Objective 1: Unsupervised Nonlinear System Identification
Within the ACCOST project, motivated by previous work on prescribed performance control, we aim at designing: (i) an on-line RBF neural network identification scheme; (ii) a PE reference trajectory and (iii) a controller generating the appropriate control input signals that guarantee the satisfaction of PE condition for the RBF regressors employed. As a consequence, the neural network weight estimates would be not only uniformly bounded but also would converge to small neighborhoods of their actual values; thus achieving the goal of learning the actual system nonlinearities with quality guarantees.
Objective 2: Control under Actuation Limitations
Within the ACCOST project and motivated by previous works on prescribed performance control with deadzone, backlash and hysteresis input nonlinearities, we aim at developing a novel adaptive modification of the Prescribed Performance Control methodology that adjusts online the performance specifications when the input constraints tend to be violated, i.e., when a contradiction between what is desired and what is feasible arises. In particular, the ultimate goal will be to find out how input constraints affect the output performance through the system dynamics, which still remains open in the related literature since no constructive method has ever been proposed that achieves the best feasible performance under certain actuation constraints.
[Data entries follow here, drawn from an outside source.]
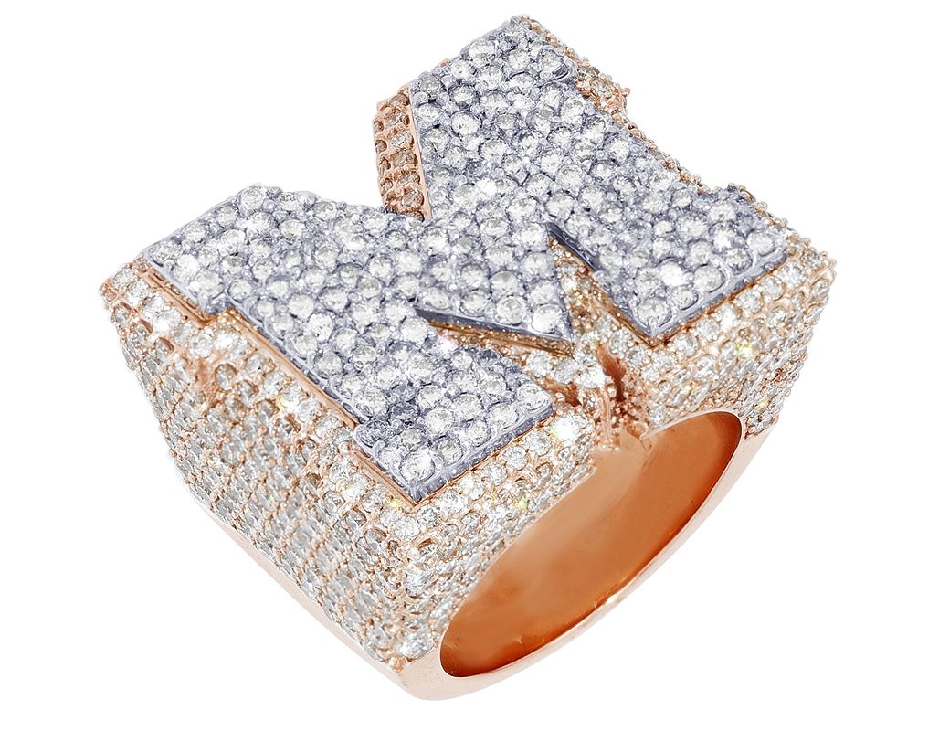 “M” Initial EGL Certified VVS 10CT Diamond Ring 10k Rose-White Gold 30MM
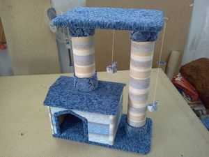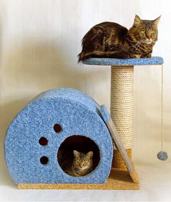 Продолжая серию о мебели для кошек, мы переходим от простого к более сложному. В этой статье мы расскажем, как сделать мини-комплекс для кошки: домик с двумя когтеточками, [лежанкой](http://www.diy.ru/post/4235/) и игрушкой. Такой комплекс хорошо подойдет как для взрослой кошки, так и для котенка или кошки с котятами. Домик будет достаточно просторным для крупной кошки или кошки-мамы с детьми, а наклонная когтеточка позволит котятам забираться наверх и учиться точить когти в специально отведенном месте, а не о домашнюю мебель.
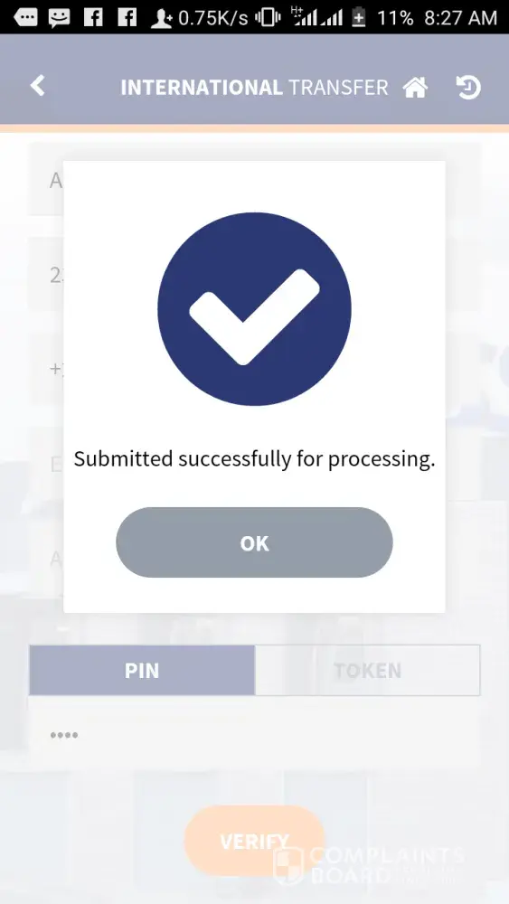 It may take a few moments for this transaction to appear in your account.
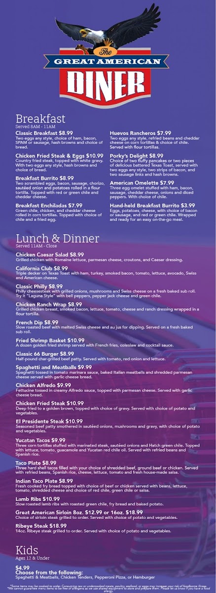 Welcome to the Great American Diner, a gem located at 167 Casa Blanca Rd, Casa Blanca, NM. This diner offers a delightful menu that highlights the flavors of classic American comfort food with a Southwest twist. From the popular Enchilada Plate, featuring savory enchiladas smothered in rich sauce, to the hearty Carne Asada Plate, there is something for everyone.
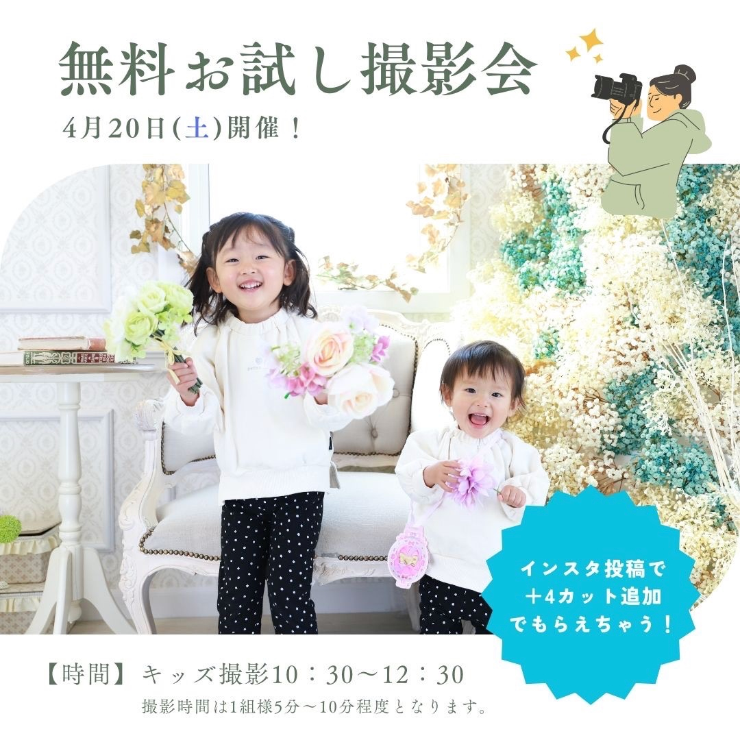 4/20(土)キッズ無料お試し撮影会開催!
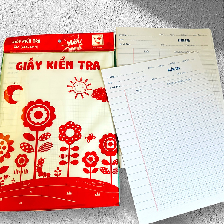 - Giấy kiểm tra Kẻ ngang kích thước 18×25 cm, gồm 20 tờ đôi và 10 tờ đơn.
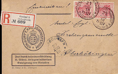 Ortsbrief mit Einschreiben und Nachnahme (1-20 g) vom 04.12.1918 (3. Periode) frankiert mit 4 Marken a 10 Pfennig (=40 Pfennig, 10 Brief 20 Einschreiben 10 Nachnahme) |
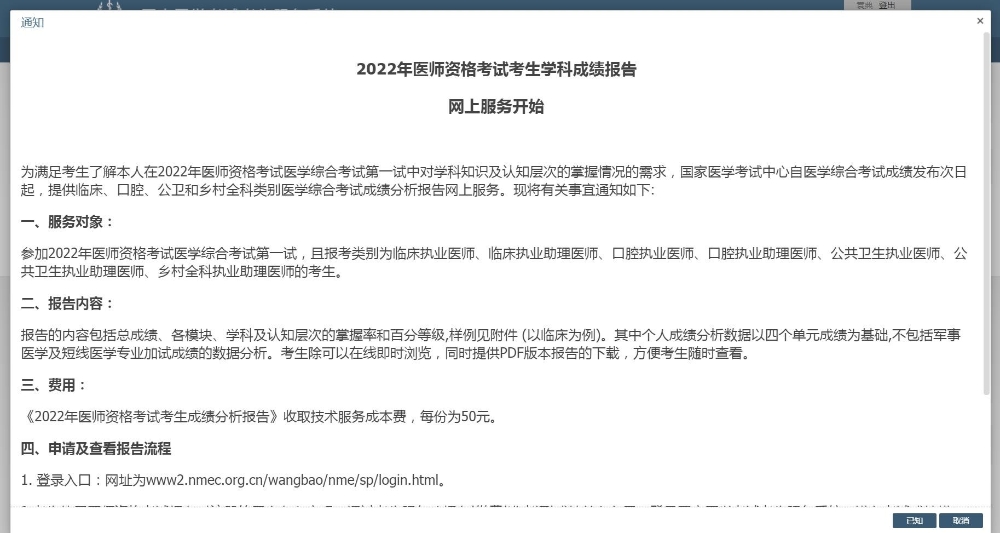 3.报名方式:请具有二试报名资格的考生,在国家医学考试考生服务系统“考试成绩”栏目下将会显示二试报名界面,考生阅读报考要求后进行考试报名。显示“二试报名”即预报名成功,进入缴费环节。具体步骤如下:
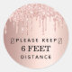 Pegatina Redonda Mantenga su distancia rosa goteo de purpurina rosa
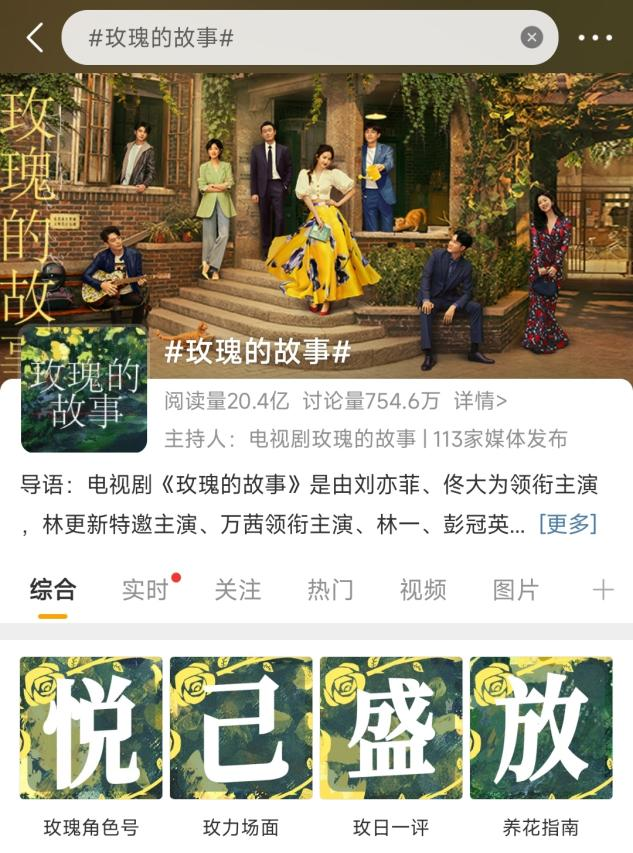 比如在微博上,词条“玫瑰的故事”,累计阅读量已突破20亿,讨论量突破750万;抖音上,话题“玫瑰的故事”,累计播放超130亿次,官方账号粉丝数破60万。
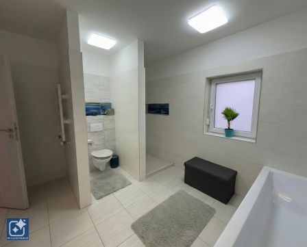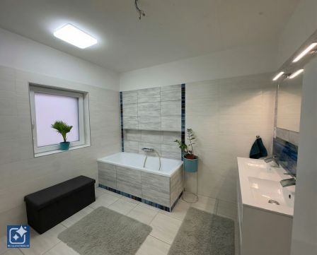 - Fürdőszoba káddal, épített zuhanyzóval, dupla mosdóval és WC-vel
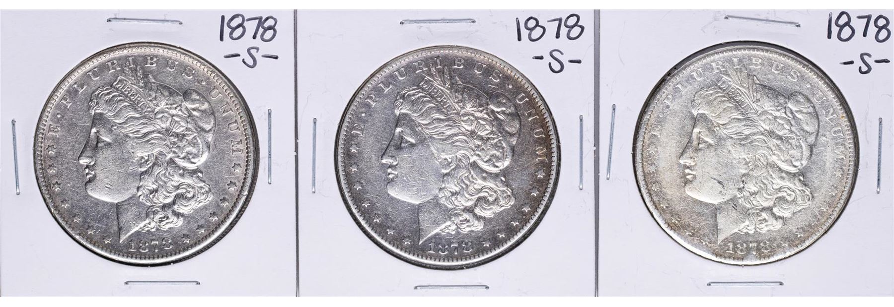 One Lot of (3) 1878-S $1 Morgan Silver Dollar Coins.
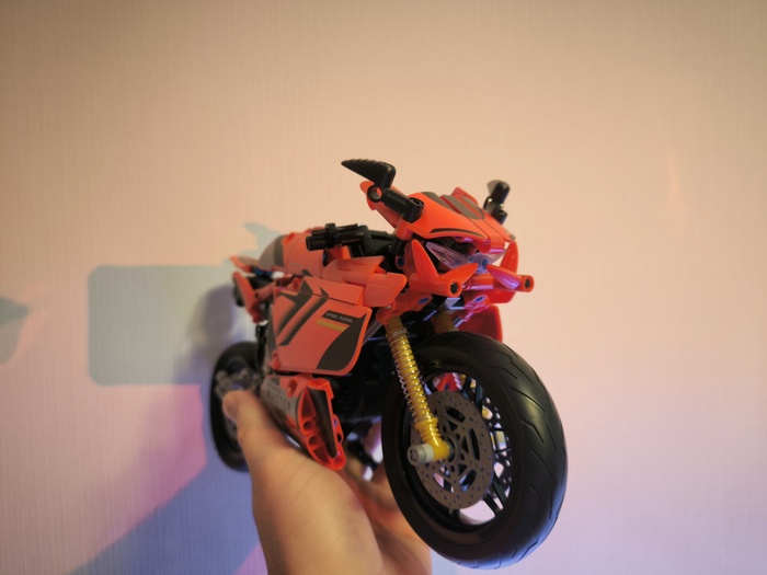 Неплохой вариант для начинающих интересоваться конструктором типа "Техник", явно видно что производитель хотел скопировать набор LEGO Technic 42202, детализация слабая на мой взгляд, но зато конструкция довольно монолитна, также наглядно видно основные узлы мотоцикла и самое главное они подвижны, что позволит вам практически показать ребенку устройство техники по ходу сборки и в дальнейшей его игровой эксплуатации.
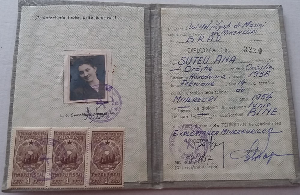 QW13 1 7 - 1954 - Diploma absolvire - Scoala medie tehnica de minereuri
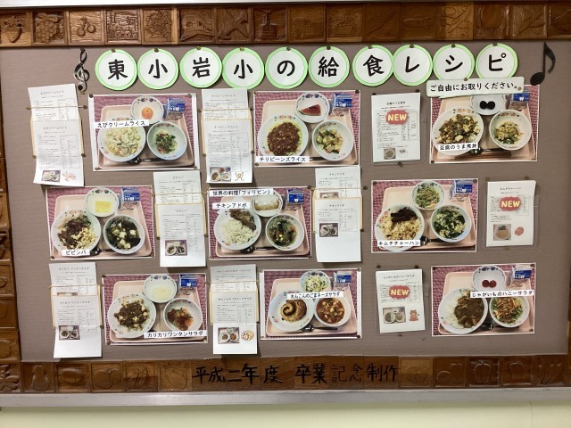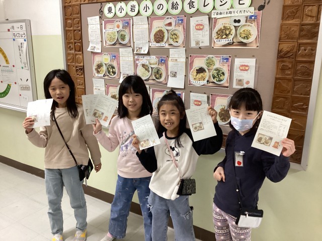 先月の学校公開に合わせて、職員室前の掲示板で給食レシピを配布しています。昨日は、2年生から「レシピが空っぽになっているので、補充してください!」と声をかけられました。補充すると早速中休みにレシピを貰いに来てくれました。学校の給食レシピからご家庭の食育に繋がるようにへ今学期は、続けていきたいと思います。
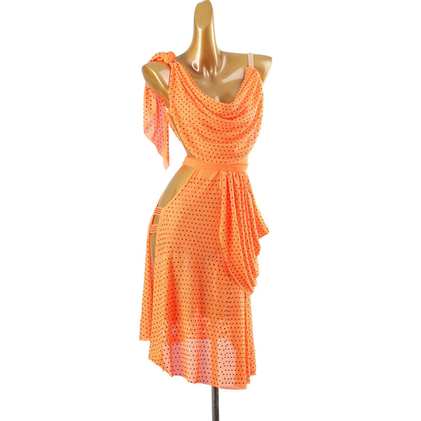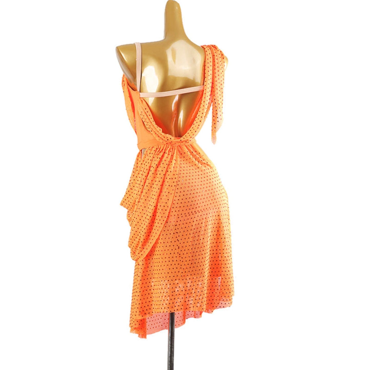 Dazzle on the dance floor in our new open-back, sleeveless, fully customizable latin dress, adorned with sparkling crystals. Available in wine red, light yellow, orange, royal blue, and purple, this dress combines elegance, comfort, and standout style. Perfect for elevating your latin dance routines, it offers a personalized touch for every dancer.

Objective 3: Control under Feedback Limitations
Within the ACCOST project and motivated by previous works on prescribed performance control, we aim at designing a novel observer scheme, reinforced with predefined performance attributes without either resorting to the high-gain approach or incorporating a priori knowledge of the actual system nonlinearities. Therefore, the intriguing properties of Prescribed Performance Control methodology would be sufficient to establish output feedback control with prescribed performance via simply securing the boundedness of the closed-loop system trajectories, thus resulting in significantly less complex and more robust design, compared to existing works in the related literature.
Objective 4: Demonstration in Aerial Robotics
It is very important to demonstrate and validate the overall control framework that will be designed in the context of the ACCOST project. For this reason, we aim at multiple experimental and realistic simulation studies that will incorporate all aforementioned theoretical aspects for a variety of application domains in aerial robotics. In particular within ACCOST, we shall consider multi-copter aerial robots involved in three case-studies: (i) trajectory tracking in free space, (ii) contact force/position control (in such case the multi-copter will be enhanced with a manipulator for increased intervention capabilities) and (iii) multi-robot cooperative formation. The studies should involve: (a)realistic modeling of the complex dynamics (including external disturbances and measurement noise) in each case-study, (b)an autonomous system identification module to extract an accurate dynamic model, (c)a control scheme that takes into account actuation as well as feedback constraints and guarantees certain predefined performance requirements imposed by the operational specifications of each case separately, (d)an automatic tuning process for the control parameters and (e)extensive comparative results with the current state of the art algorithms that are employed in each case-study, in order to put forward the full prospect of the proposed control framework.